[TASK DATA]
━━━━━━━━━━━━━━━━
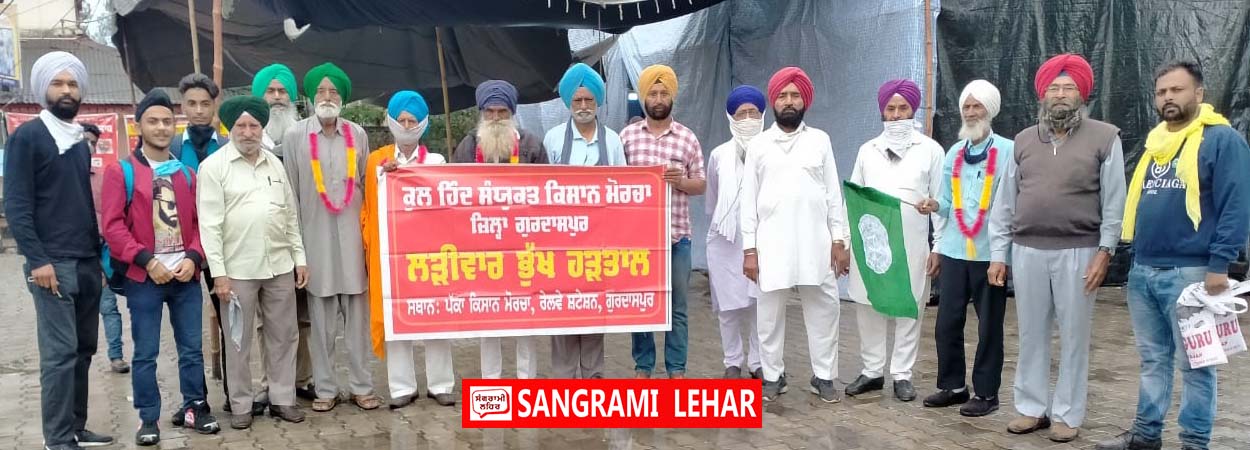 ਗੁਰਦਾਸਪੁਰ, 22 ਅਪ੍ਰੈਲ (ਸੰਗਰਾਮੀ ਲਹਿਰ ਬਿਊਰੋ)- ਸਥਾਨਕ ਰੇਲਵੇ ਸਟੇਸ਼ਨ ‘ਚ ਚਲਦੇ ਮੋਰਚੇ ਦੇ 203ਵੇਂ ਅੱਜ 121ਵੇਂ ਜਥੇ ਨੇ ਭੁੱਖ ਹੜਤਾਲ ਰੱਖੀ। ਅੱਜ ਇਸ ‘ਚ ਮਹਿੰਦਰ ਸਿੰਘ ਲਖਣ ਖੁਰਦ, ਲੱਖਾ ਸਿੰਗ ਬਖਤਪੁਰ, ਸੁੱਚਾ ਸਿੰਘ ਬਖਤਪੁਰ ਤੇ ਅਜੀਤ ਸਿੰਘ ਨੇ ਹਿਸਾ ਲਿਆ। ਇਸ ਦੌਰਾਨ ਅੱਜ ਸੰਯੁਕਤ ਕਿਸਾਨ ਮੋਰਚੇ ਦੇ ਅਗਵਾਈ ਹੇਠ ਇੱਕ ਵਫ਼ਦ ਡਿਪਟੀ ਕਮਿਸ਼ਨਰ ਗੁਰਦਾਸਪੁਰ ਨੂੰ ਮਿਲਿਆ, ਜਿਥੇ ਕਮਕ ਦੀ ਖਰੀਦ ਲਈ ਬਾਰਦਾਨੇ ਦੀ ਕਮੀ ਅਤੇ ਲਿਫਟਿੰਗ ‘ਚ ਆ ਰਹੀ ਮੁਸ਼ਕਲ ਬਾਰੇ ਚਰਚਾ ਕੀਤੀ ਗਈ। ਆਗੂਆਂ ਨੇ ਰਾਤ ਵੇਲੇ ਲੱਗਣ ਵਾਲੇ ਕਰਫਿਊ ਕਾਰਨ ਦਰਪੇਸ਼ ਮੁਸ਼ਕਲਾਂ ਬਾਰੇ ਵੀ ਮੁੱਦਾ ਸਾਹਮਣੇ ਰੱਖਿਆ। ਮਗਰੋਂ ਆਗੂਆਂ ਨੇ ਦਾਅਵਾ ਕੀਤਾ ਕਿ ਡਿਪਟੀ ਕਮਿਸ਼ਨਰ ਨੇ ਸਾਰੇ ਮਸਲਿਆਂ ਦਾ ਹੱਲ ਕਰਨ ਦਾ ਯਕੀਨ ਦਵਾਇਆ।
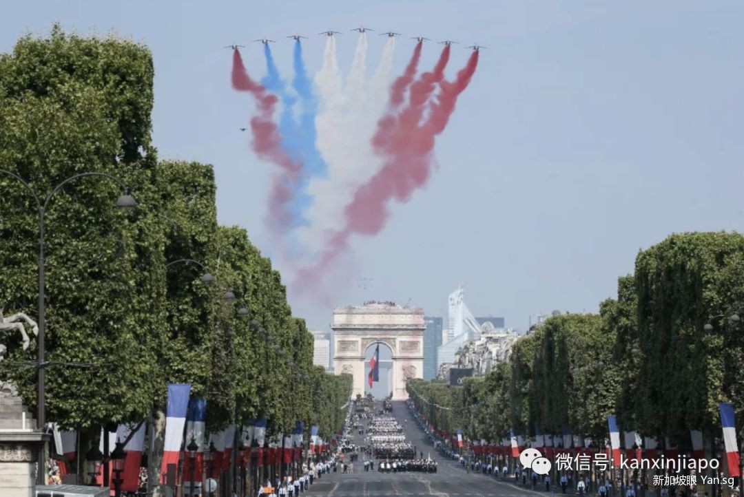 游行还首次邀请位于法国西南部的新加坡共和国空军(RSAF)特遣队。本次国庆阅兵,由法国与新加坡部队共同完成。
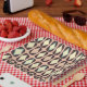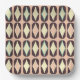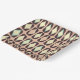 Seamless geometric pattern with dark brown leaf shapes, beige circles, and teal diamond accents. Retro and symmetrical design creates a vintage feel.
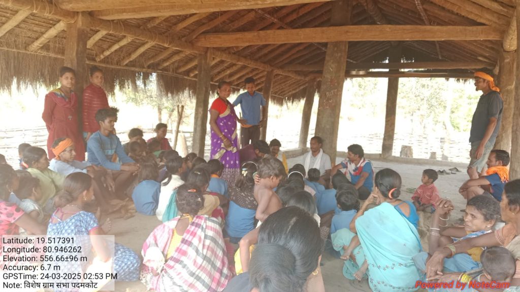नारायणपुर | आजादी के 78 वर्ष बाद जिले के जनपद पंचायत ओरछा अंतर्गत ग्राम पंचायत पदमकोट के घोटूल में पहली बार एक विशेष ग्रामसभा का आयोजन किया गया। इस ग्रामसभा में ग्रामीणों ने विभिन्न आवश्यकताओं के लिए प्रस्ताव पेश किए, जिनमें स्कूल, आंगनबाड़ी केंद्र, सौर ऊर्जा संचालित पंप, बोर खनन, शासकीय आवास, पंचायत भवन, उचित मूल्य की दुकान, उप स्वास्थ्य केंद्र, विद्युत व्यवस्था, और मनरेगा से भूमि मरम्मत कार्य शामिल हैं। 18 हितग्राहियों ने इन प्रस्तावों के लिए स्वेच्छा से आवेदन किया।
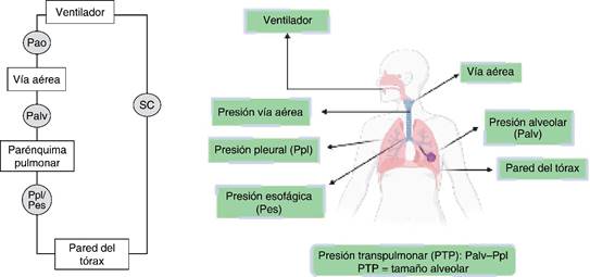 El proceso de la respiración, tanto espontánea como en ventilación mecánica, conduce a un incremento en la presión transpulmonar (PTP). Durante la respiración espontánea, la PTP incrementa por una disminución de la presión pleural (Ppl) producida por la contracción de los músculos inspiratorios y durante la ventilación mecánica la PTP aumenta por un incremento en la presión alveolar (Palv) producido por el empuje de la columna de aire proveniente del ventilador.1 Dicha relación se puede expresar por medio de la siguiente ecuación: PTP = Palv-Ppl (Figura 1); aunque realizar dichas mediciones permitiría dilucidar de forma inmediata la PTP, hasta el momento resulta imposible medir la Ppl, es en este punto que se ha empleado la presión esofágica (Pes) como variable que puede emular el valor aproximado de la Ppl. A lo largo de esta revisión valoraremos el uso de esta herramienta en el paciente obeso, ya que consideramos de suma importancia saber que la finalidad de la ventilación mecánica tiene como objetivo ganar tiempo suficiente para solucionar la causa que llevó al paciente a depender del ventilador, esto se logra por medio del restablecimiento del intercambio gaseoso y reducción del trabajo respiratorio (TR).2
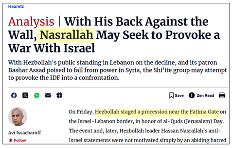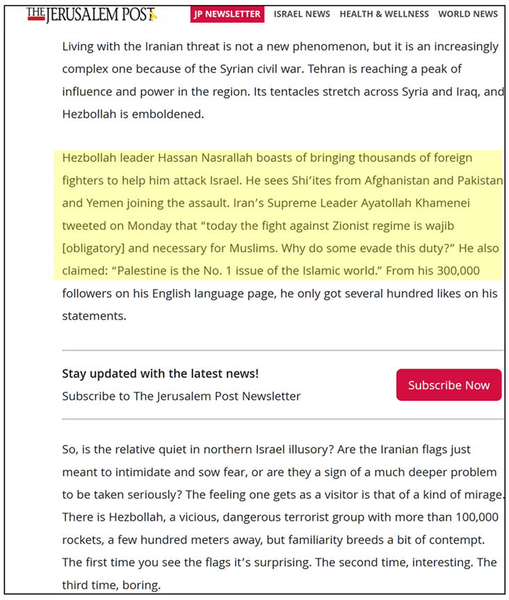 For example, Iran and Hezbollah let the entire International Community know that the “Fatima Gate” was their “Front Line” in their ongoing battles with Israel and their goal to invade and conquer Israel’s Galilee. In a post on the Haaretz website on August 17, 2012, Avi Issacharoff wrote about a staged procession by Nasrallah near the Fatima Gate (excerpt below). |
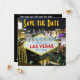 Las Vegas guarde o anúncio do casamento para noivas e noivos de Las Vegas. Design apresenta uma foto aérea da Strip à noite.
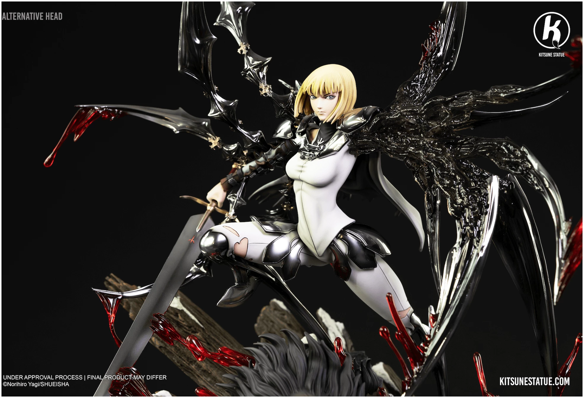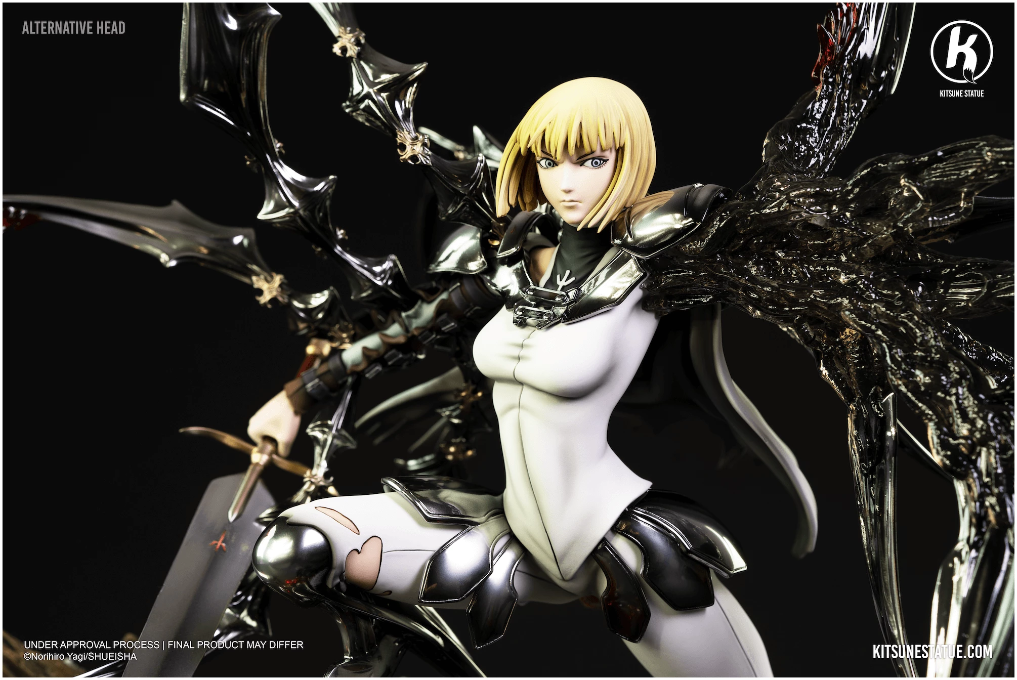 Clare est le personnage central de Claymore. Cette statue la représente en pleine phase d’éveil, avec un système de têtes interchangeables, permettant de choisir entre une expression éveillée ou non. Chaque collectionneur peut ainsi personnaliser l’apparence finale de la pièce selon ses préférences.
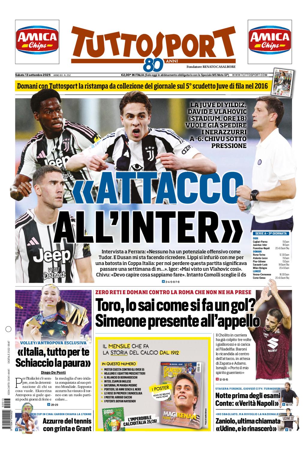 Domani, invece, alle ore 12:30, si disputerà Roma-Torino allo stadio 'Olimpico': i granata di Marco Baroni, che in 180' di campionato non hanno ancora trovato la via del gol, schiereranno il 'Cholito' Giovanni Simeone in attacco. Ma occhio alla difesa della Roma di Gian Piero Gasperini: nelle prime due giornate i giallorossi non hanno subito gol.
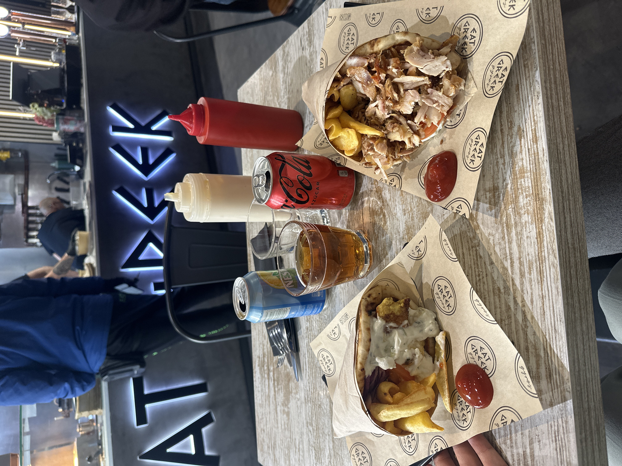 - "tabletop scene at a restaurant, likely in Alicante, Spain, based on the prominent "EAT GREEK gyros soulh" logo seen on the paper wrapping of the food" by FM-YNn2D2, licensed under CC BY 4.0
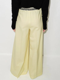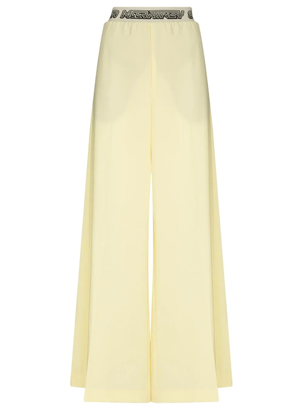 logo-waistband palazzo trousers Stella McCartney transfers its penchant for tailoring into casualwear, marrying soft fabrics with refined silhouettes. Made from yellow wool, these palazzo trousers are designed with a branded elasticated waistband for maximum comfort. Highlights - Yellow - Wool - Elasticated waistband - Logo waistband - Palazzo design - Two side slit pockets - Floor-length Imported Composition Outer: Wool 100% Lining: Viscose 52%, Cotton 48% SIZE & FIT Model measurements Height 5 ft 11 in(1.8 m) Bust/Chest 31.49 in(80 cm) Hips 36.22 in(92 cm) Waist 25.59 in(65 cm) Measurement INSIDE LEG 31.88 in(81 cm) HIPS 40.15 in(102 cm) WAIST 27.55 in(70 cm) FittingInformation This piece fits true to size. We recommend you get your regular size Designed for a loose fit with a close fit at the waist Made with a mid-weight fabric Washing instructions Dry Clean Only
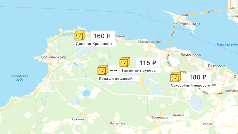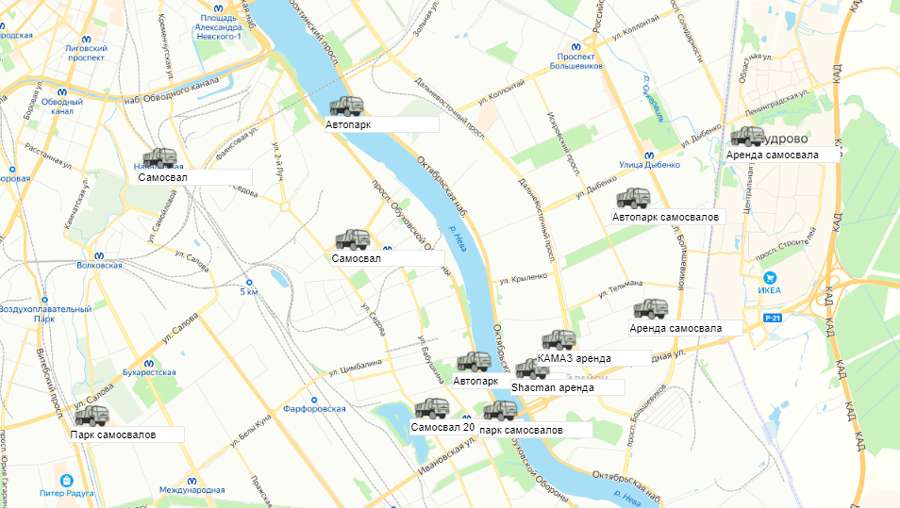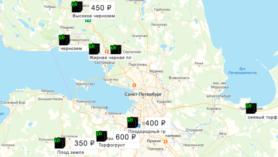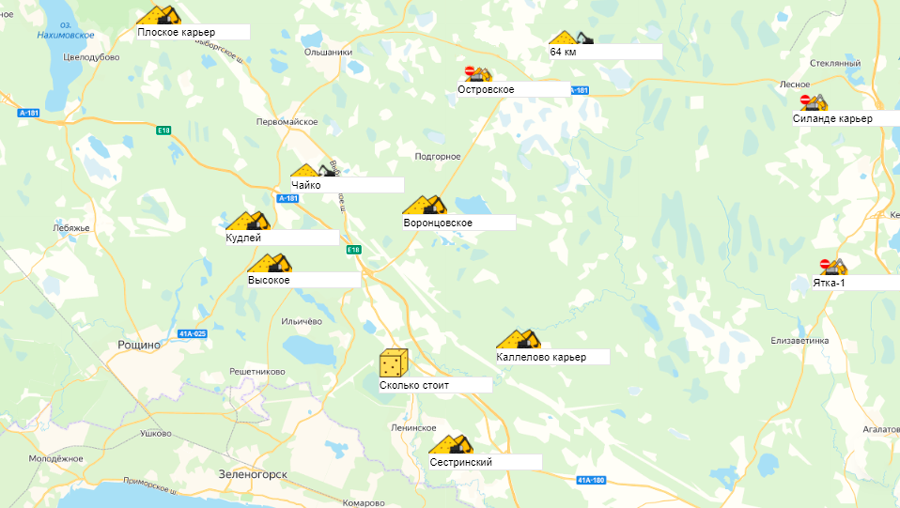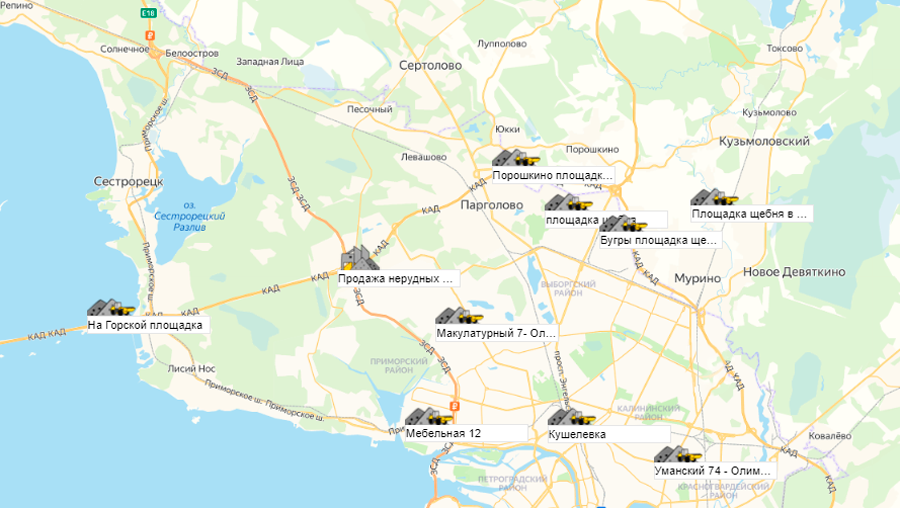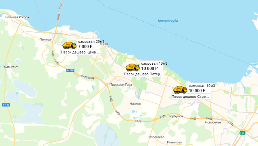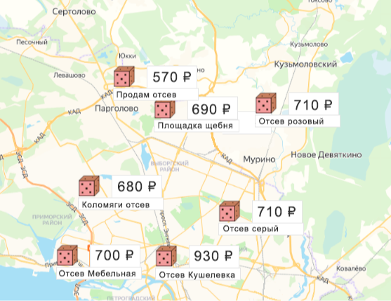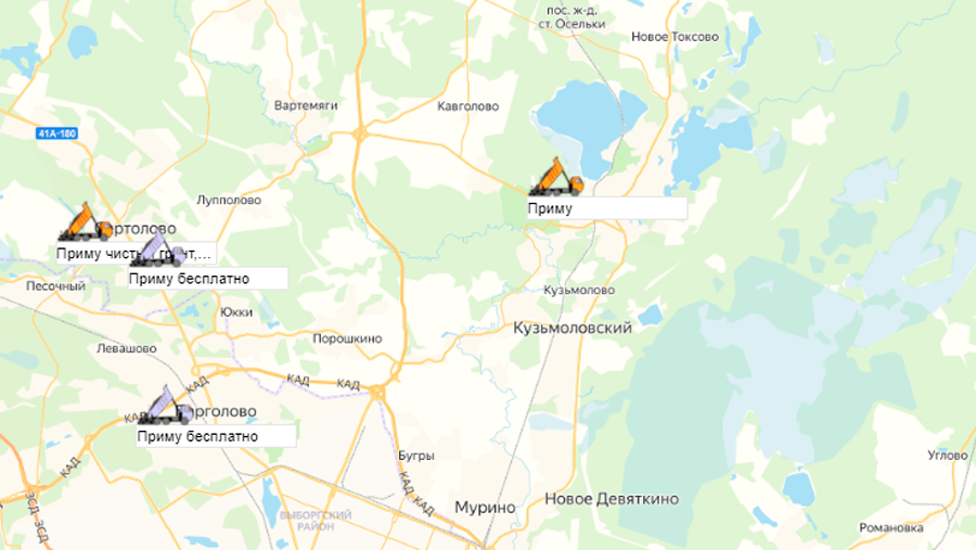 Песок, щебень, техника: объявления на карте в СПб и ЛО
━━━━━━━━━━━━━━━━
[WORK ITEM] Aside from its pictures, the listing must be given again in full, exactly as it appears.

[WORKED SOLUTION]
 ਗੁਰਦਾਸਪੁਰ, 22 ਅਪ੍ਰੈਲ (ਸੰਗਰਾਮੀ ਲਹਿਰ ਬਿਊਰੋ)- ਸਥਾਨਕ ਰੇਲਵੇ ਸਟੇਸ਼ਨ ‘ਚ ਚਲਦੇ ਮੋਰਚੇ ਦੇ 203ਵੇਂ ਅੱਜ 121ਵੇਂ ਜਥੇ ਨੇ ਭੁੱਖ ਹੜਤਾਲ ਰੱਖੀ। ਅੱਜ ਇਸ ‘ਚ ਮਹਿੰਦਰ ਸਿੰਘ ਲਖਣ ਖੁਰਦ, ਲੱਖਾ ਸਿੰਗ ਬਖਤਪੁਰ, ਸੁੱਚਾ ਸਿੰਘ ਬਖਤਪੁਰ ਤੇ ਅਜੀਤ ਸਿੰਘ ਨੇ ਹਿਸਾ ਲਿਆ। ਇਸ ਦੌਰਾਨ ਅੱਜ ਸੰਯੁਕਤ ਕਿਸਾਨ ਮੋਰਚੇ ਦੇ ਅਗਵਾਈ ਹੇਠ ਇੱਕ ਵਫ਼ਦ ਡਿਪਟੀ ਕਮਿਸ਼ਨਰ ਗੁਰਦਾਸਪੁਰ ਨੂੰ ਮਿਲਿਆ, ਜਿਥੇ ਕਮਕ ਦੀ ਖਰੀਦ ਲਈ ਬਾਰਦਾਨੇ ਦੀ ਕਮੀ ਅਤੇ ਲਿਫਟਿੰਗ ‘ਚ ਆ ਰਹੀ ਮੁਸ਼ਕਲ ਬਾਰੇ ਚਰਚਾ ਕੀਤੀ ਗਈ। ਆਗੂਆਂ ਨੇ ਰਾਤ ਵੇਲੇ ਲੱਗਣ ਵਾਲੇ ਕਰਫਿਊ ਕਾਰਨ ਦਰਪੇਸ਼ ਮੁਸ਼ਕਲਾਂ ਬਾਰੇ ਵੀ ਮੁੱਦਾ ਸਾਹਮਣੇ ਰੱਖਿਆ। ਮਗਰੋਂ ਆਗੂਆਂ ਨੇ ਦਾਅਵਾ ਕੀਤਾ ਕਿ ਡਿਪਟੀ ਕਮਿਸ਼ਨਰ ਨੇ ਸਾਰੇ ਮਸਲਿਆਂ ਦਾ ਹੱਲ ਕਰਨ ਦਾ ਯਕੀਨ ਦਵਾਇਆ।
 游行还首次邀请位于法国西南部的新加坡共和国空军(RSAF)特遣队。本次国庆阅兵,由法国与新加坡部队共同完成。
 Seamless geometric pattern with dark brown leaf shapes, beige circles, and teal diamond accents. Retro and symmetrical design creates a vintage feel.
नारायणपुर | आजादी के 78 वर्ष बाद जिले के जनपद पंचायत ओरछा अंतर्गत ग्राम पंचायत पदमकोट के घोटूल में पहली बार एक विशेष ग्रामसभा का आयोजन किया गया। इस ग्रामसभा में ग्रामीणों ने विभिन्न आवश्यकताओं के लिए प्रस्ताव पेश किए, जिनमें स्कूल, आंगनबाड़ी केंद्र, सौर ऊर्जा संचालित पंप, बोर खनन, शासकीय आवास, पंचायत भवन, उचित मूल्य की दुकान, उप स्वास्थ्य केंद्र, विद्युत व्यवस्था, और मनरेगा से भूमि मरम्मत कार्य शामिल हैं। 18 हितग्राहियों ने इन प्रस्तावों के लिए स्वेच्छा से आवेदन किया।
 El proceso de la respiración, tanto espontánea como en ventilación mecánica, conduce a un incremento en la presión transpulmonar (PTP). Durante la respiración espontánea, la PTP incrementa por una disminución de la presión pleural (Ppl) producida por la contracción de los músculos inspiratorios y durante la ventilación mecánica la PTP aumenta por un incremento en la presión alveolar (Palv) producido por el empuje de la columna de aire proveniente del ventilador.1 Dicha relación se puede expresar por medio de la siguiente ecuación: PTP = Palv-Ppl (Figura 1); aunque realizar dichas mediciones permitiría dilucidar de forma inmediata la PTP, hasta el momento resulta imposible medir la Ppl, es en este punto que se ha empleado la presión esofágica (Pes) como variable que puede emular el valor aproximado de la Ppl. A lo largo de esta revisión valoraremos el uso de esta herramienta en el paciente obeso, ya que consideramos de suma importancia saber que la finalidad de la ventilación mecánica tiene como objetivo ganar tiempo suficiente para solucionar la causa que llevó al paciente a depender del ventilador, esto se logra por medio del restablecimiento del intercambio gaseoso y reducción del trabajo respiratorio (TR).2
 For example, Iran and Hezbollah let the entire International Community know that the “Fatima Gate” was their “Front Line” in their ongoing battles with Israel and their goal to invade and conquer Israel’s Galilee. In a post on the Haaretz website on August 17, 2012, Avi Issacharoff wrote about a staged procession by Nasrallah near the Fatima Gate (excerpt below). |
 Las Vegas guarde o anúncio do casamento para noivas e noivos de Las Vegas. Design apresenta uma foto aérea da Strip à noite.
 Clare est le personnage central de Claymore. Cette statue la représente en pleine phase d’éveil, avec un système de têtes interchangeables, permettant de choisir entre une expression éveillée ou non. Chaque collectionneur peut ainsi personnaliser l’apparence finale de la pièce selon ses préférences.
 Domani, invece, alle ore 12:30, si disputerà Roma-Torino allo stadio 'Olimpico': i granata di Marco Baroni, che in 180' di campionato non hanno ancora trovato la via del gol, schiereranno il 'Cholito' Giovanni Simeone in attacco. Ma occhio alla difesa della Roma di Gian Piero Gasperini: nelle prime due giornate i giallorossi non hanno subito gol.
 - "tabletop scene at a restaurant, likely in Alicante, Spain, based on the prominent "EAT GREEK gyros soulh" logo seen on the paper wrapping of the food" by FM-YNn2D2, licensed under CC BY 4.0
 logo-waistband palazzo trousers Stella McCartney transfers its penchant for tailoring into casualwear, marrying soft fabrics with refined silhouettes. Made from yellow wool, these palazzo trousers are designed with a branded elasticated waistband for maximum comfort. Highlights - Yellow - Wool - Elasticated waistband - Logo waistband - Palazzo design - Two side slit pockets - Floor-length Imported Composition Outer: Wool 100% Lining: Viscose 52%, Cotton 48% SIZE & FIT Model measurements Height 5 ft 11 in(1.8 m) Bust/Chest 31.49 in(80 cm) Hips 36.22 in(92 cm) Waist 25.59 in(65 cm) Measurement INSIDE LEG 31.88 in(81 cm) HIPS 40.15 in(102 cm) WAIST 27.55 in(70 cm) FittingInformation This piece fits true to size. We recommend you get your regular size Designed for a loose fit with a close fit at the waist Made with a mid-weight fabric Washing instructions Dry Clean Only
 Песок, щебень, техника: объявления на карте в СПб и ЛО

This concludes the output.